More than two decades ago, a unique leukocyte of rodents in the genus Microtus was described and named an “azurocyte” (AZ), due to the outstanding purple granules present in its cytoplasm (Mihok et al., 1987). The cell is particularly common in late pregnancy (Mihok, 1987), and can be induced by progestins both in males and females (Mihok et al., 1987; Mihok and Schwartz,, 1991a). Based on similarities with other mammal cells with Natural Killer (NK) activity (Kurloff cells and large granular lymphocytes), it was suggested that these cells may be NK cells unique to the vole (Mihok and Schwartz, 1991b).

For almost 20 years, there has only been one mention of this new cell (Boonstra et al., 2005), until it was recently reported for another species, the field vole (Microtus agrestis) in a study that evaluated hematological dynamics in natural populations (Beldomenico et al., 2008a), also conforming to the pattern of breeding females having higher AZ counts.

The unique nature of the current dataset, with recorded blood levels of AZ in individuals from replicated natural populations monitored repeatedly over a 2-year period, thus provides an opportunity to investigate further the dynamics of these cells in natural populations and their relationship with factors intrinsic and extrinsic to the individuals that have them. The immediate aim is to shed new light on the possible function and significance of these cells and on how they play a role in the natural history of rodent species, but crucially, examining these cells in a natural population through a longitudinal study may throw light on their functional significance in a much wider range of medical, veterinary, and wildlife medicine settings.

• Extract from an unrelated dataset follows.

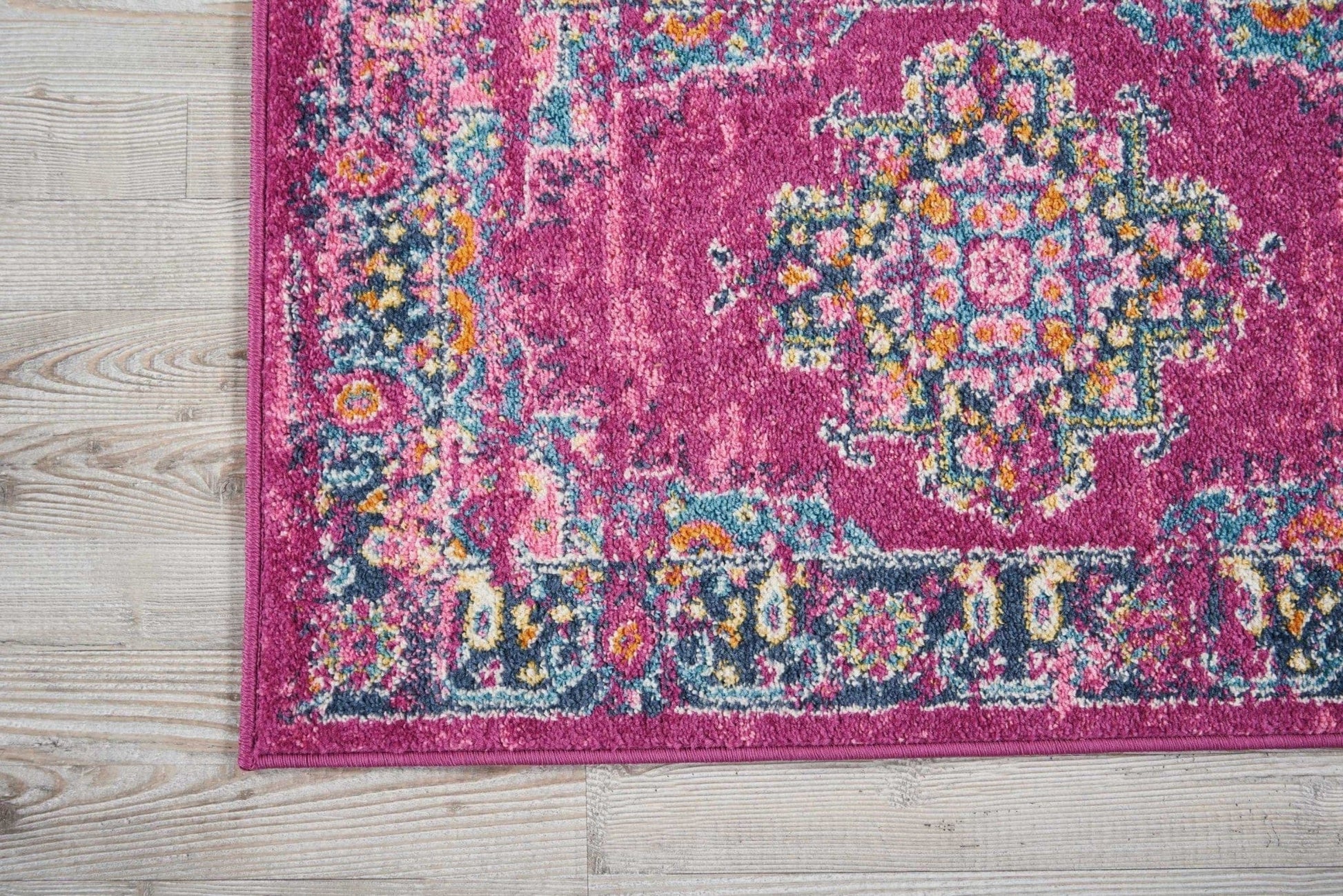 Emanating a rich traditional appeal with a modern flair, this Fuchsia and Blue Distressed Runner Rug accentuates the Persian artistry to stand out in any transitional setting. Adorned with an intricate floral medallion in the center featuring pops of blue, orange, and green resembling a flower bouquet, while the richly decorative border blends in harmony over the distressed deep fuchsia background. Made to stand the test of time, this rug is crafted in Turkey with 100% polypropylene to ensure stain resistance and easy maintenance. This soft-cut-pile build and advanced power-loomed construction provide a smooth surface texture for unparalleled comfort in indoor areas with medium foot traffic. Showcasing a vibrant color palette with a distressed effect, this captivating runner rug stays true to your traditional love while upholding a modern grace. 2'2" x 10'
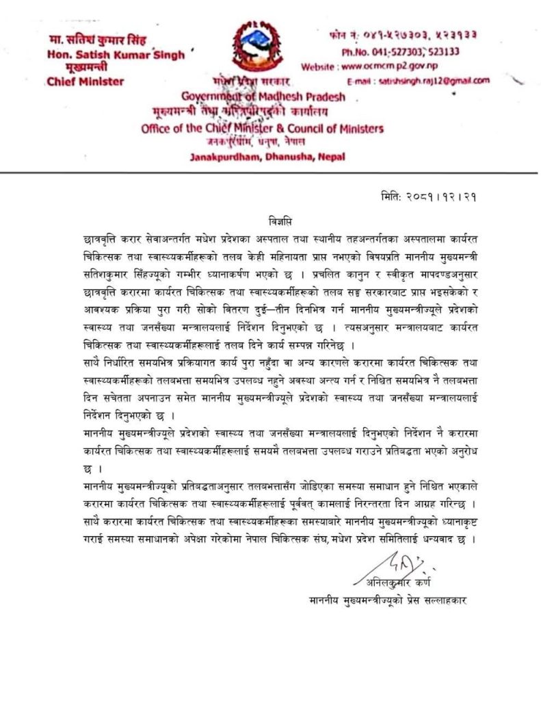 मधेश प्रदेशका अस्पताल तथा स्थानीय तहअन्तर्गत कार्यरत छात्रवृत्ति करार सेवाका चिकित्सक तथा स्वास्थ्यकर्मीहरूको केही महिनादेखि तलब नपाएको विषयमा मुख्यमन्त्री सतिशकुमार सिंहले गम्भीर ध्यानाकर्षण जनाएका छन् ।

The specific objectives of the present study were:

  1. (i)

    To describe seasonal and demographic patterns of blood AZ levels in wild field vole populations and to investigate the relationship between intrinsic and extrinsic factors and circulating levels of AZ in wild field voles.

  2. (ii)

    Because individuals in poor condition are more likely to show elevated indicators of infection when re-sampled a month later (Beldomenico et al., 2008b), we examined if the occurrence of AZ in males is dependent on preceding health status (condition) to evaluate if AZ may be a response to infection.

Materials and Methods

Hematology

As described in detail by Beldomenico et al. (2008a), a hemogram was produced with blood collected from the tip of the tail of live individuals to estimate the concentration of all blood cell types, including AZ. Briefly, 2 μl of noncoagulated blood were diluted 1:20 in 4% acetic acid with 1% crystal violet and 1:5000 in PBS, to count white blood cells (WBCs) and red blood cells (RBCs), respectively, using Kova Glasstic® slides (Hycor Biomedical Ltd., Penicuik, UK) with grids and hence to determine their concentration. The rest of the blood sample was used to produce blood smears for differential (relative) WBC counts, which allowed the proportion of each WBC (including AZ) to be estimated. At least 100 WBCs were examined on the smears. The large number of samples precluded a more exhaustive assessment of the proportion of WBCs (i.e., with more WBCs examined per sample). However, because we were particularly interested in determining the presence of elevated concentrations of AZ, we judged that it was more important to examine a large number of samples than to use a method that gave more reliable estimates when AZ concentrations were low. The concentration of AZ was then estimated as the product of the proportion WBCs that were AZ and the total WBC count. Note, therefore, that a failure to detect AZ should not be interpreted as “absence” but as “absence or low levels.” Hence we refer to “detectable levels” in the text. Smears were air-dried, fixed with methanol, and stained with Rapid Romanowsky Stain Pack—HS705 (HD Supplies, Aylesbury, UK).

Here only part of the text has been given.